Available data:
========================================================================
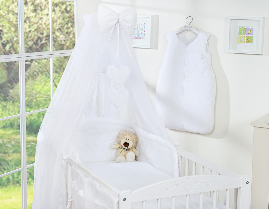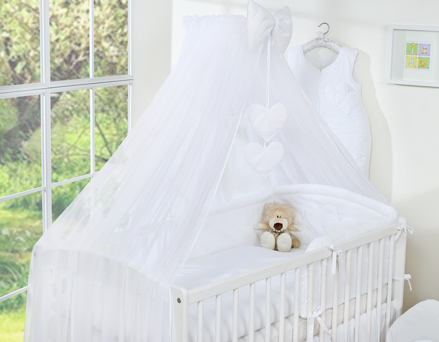 Stubenwagen » Bettwäsche für Babys » Bettwäsche für Babybett HERZEN » Bettwäsche Sets für Babybett 120cm » Bettwäsche Set 5-tlg mit Moskitonetz » Bettwäsche-Set 5-tlg mit Moskitonetz weiß
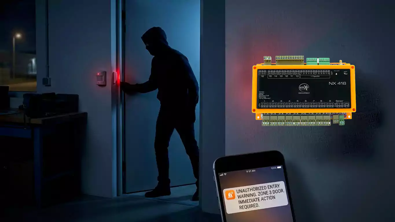 با امکان اتصال تعداد نامحدود مگنت و چشمی، این دستگاه میتواند بهعنوان یک دزدگیر قدرتمند نیز مورد استفاده قرار گیرد. در صورت ورود غیرمجاز در ساعات غیرکاری، سیستم بلافاصله فعال شده و هشدار فوری از طریق پیامک برای شما ارسال میکند؛ حتی زمانی که در محل حضور ندارید.
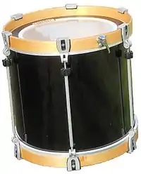 The Scottish tenor drum is a musical instrument used within Scottish pipe bands. It is a double-headed membranophone that is held vertically with one head up, one head down, and played with soft mallets on the top head only. Common sizes of drums are 15, 16, 18, or 20 inch in diameter, with 12, 14, or 16 inch depth. The playing style of the Scottish tenor drum has varied throughout the years, but there is typically a variation of the combination of swings (or flourishes) and rhythmic accompaniment to the Scottish snare drum and the Great Highland Bagpipes. It is similar to the more common marching band style tenor drum.
========================================================================
Instructions to follow:
In the data above, find the line containing "با امکان اتصال", then output it and every later line exactly, without the pictures.

Result of this exercise:
 با امکان اتصال تعداد نامحدود مگنت و چشمی، این دستگاه میتواند بهعنوان یک دزدگیر قدرتمند نیز مورد استفاده قرار گیرد. در صورت ورود غیرمجاز در ساعات غیرکاری، سیستم بلافاصله فعال شده و هشدار فوری از طریق پیامک برای شما ارسال میکند؛ حتی زمانی که در محل حضور ندارید.
 The Scottish tenor drum is a musical instrument used within Scottish pipe bands. It is a double-headed membranophone that is held vertically with one head up, one head down, and played with soft mallets on the top head only. Common sizes of drums are 15, 16, 18, or 20 inch in diameter, with 12, 14, or 16 inch depth. The playing style of the Scottish tenor drum has varied throughout the years, but there is typically a variation of the combination of swings (or flourishes) and rhythmic accompaniment to the Scottish snare drum and the Great Highland Bagpipes. It is similar to the more common marching band style tenor drum.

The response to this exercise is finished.